> **GOAL OF THE EXERCISE**
There is one span to output from the data below: the lines starting at the line with "Funktionel refleks vindjakke" and ending at the line with "Balto pērļu rokassprādzes". Output it exactly, ends included, nothing more.

> **RECORDS TO PROCESS**
------------------------------

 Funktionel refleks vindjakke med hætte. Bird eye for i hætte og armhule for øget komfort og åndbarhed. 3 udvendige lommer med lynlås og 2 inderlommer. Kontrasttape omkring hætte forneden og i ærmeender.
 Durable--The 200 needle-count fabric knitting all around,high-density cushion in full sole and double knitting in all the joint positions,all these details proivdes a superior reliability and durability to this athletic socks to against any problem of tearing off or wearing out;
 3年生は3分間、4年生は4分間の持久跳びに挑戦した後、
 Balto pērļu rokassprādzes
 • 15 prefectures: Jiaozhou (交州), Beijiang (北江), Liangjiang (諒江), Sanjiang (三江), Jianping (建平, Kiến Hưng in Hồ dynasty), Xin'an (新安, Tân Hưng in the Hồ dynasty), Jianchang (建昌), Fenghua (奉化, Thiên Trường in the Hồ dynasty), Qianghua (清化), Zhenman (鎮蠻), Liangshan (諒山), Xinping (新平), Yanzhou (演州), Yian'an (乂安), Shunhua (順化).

------------------------------

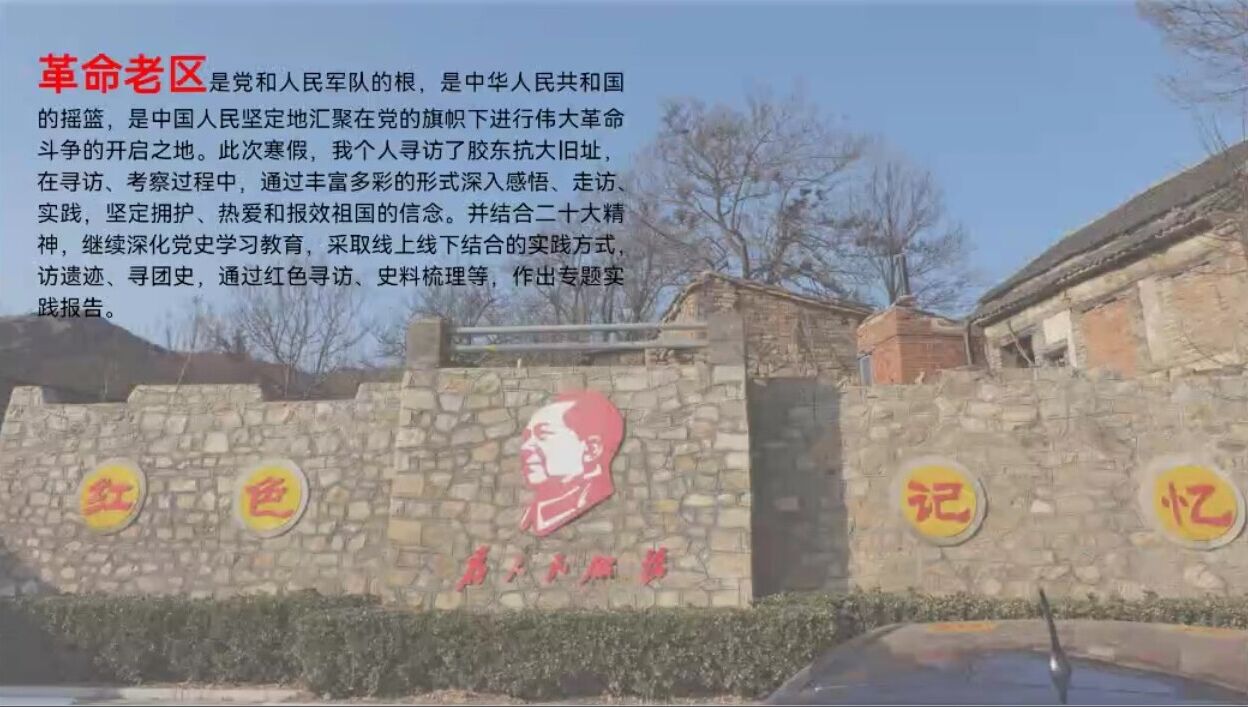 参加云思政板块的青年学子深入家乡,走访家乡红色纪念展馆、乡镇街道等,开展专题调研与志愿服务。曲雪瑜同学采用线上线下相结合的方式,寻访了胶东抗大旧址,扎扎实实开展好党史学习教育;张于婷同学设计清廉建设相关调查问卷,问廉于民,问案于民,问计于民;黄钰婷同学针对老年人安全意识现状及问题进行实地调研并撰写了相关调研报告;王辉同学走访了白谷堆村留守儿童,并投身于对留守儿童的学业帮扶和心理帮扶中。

------------------------------

> **OUTPUT BELOW**
 Funktionel refleks vindjakke med hætte. Bird eye for i hætte og armhule for øget komfort og åndbarhed. 3 udvendige lommer med lynlås og 2 inderlommer. Kontrasttape omkring hætte forneden og i ærmeender.
 Durable--The 200 needle-count fabric knitting all around,high-density cushion in full sole and double knitting in all the joint positions,all these details proivdes a superior reliability and durability to this athletic socks to against any problem of tearing off or wearing out;
 3年生は3分間、4年生は4分間の持久跳びに挑戦した後、
 Balto pērļu rokassprādzes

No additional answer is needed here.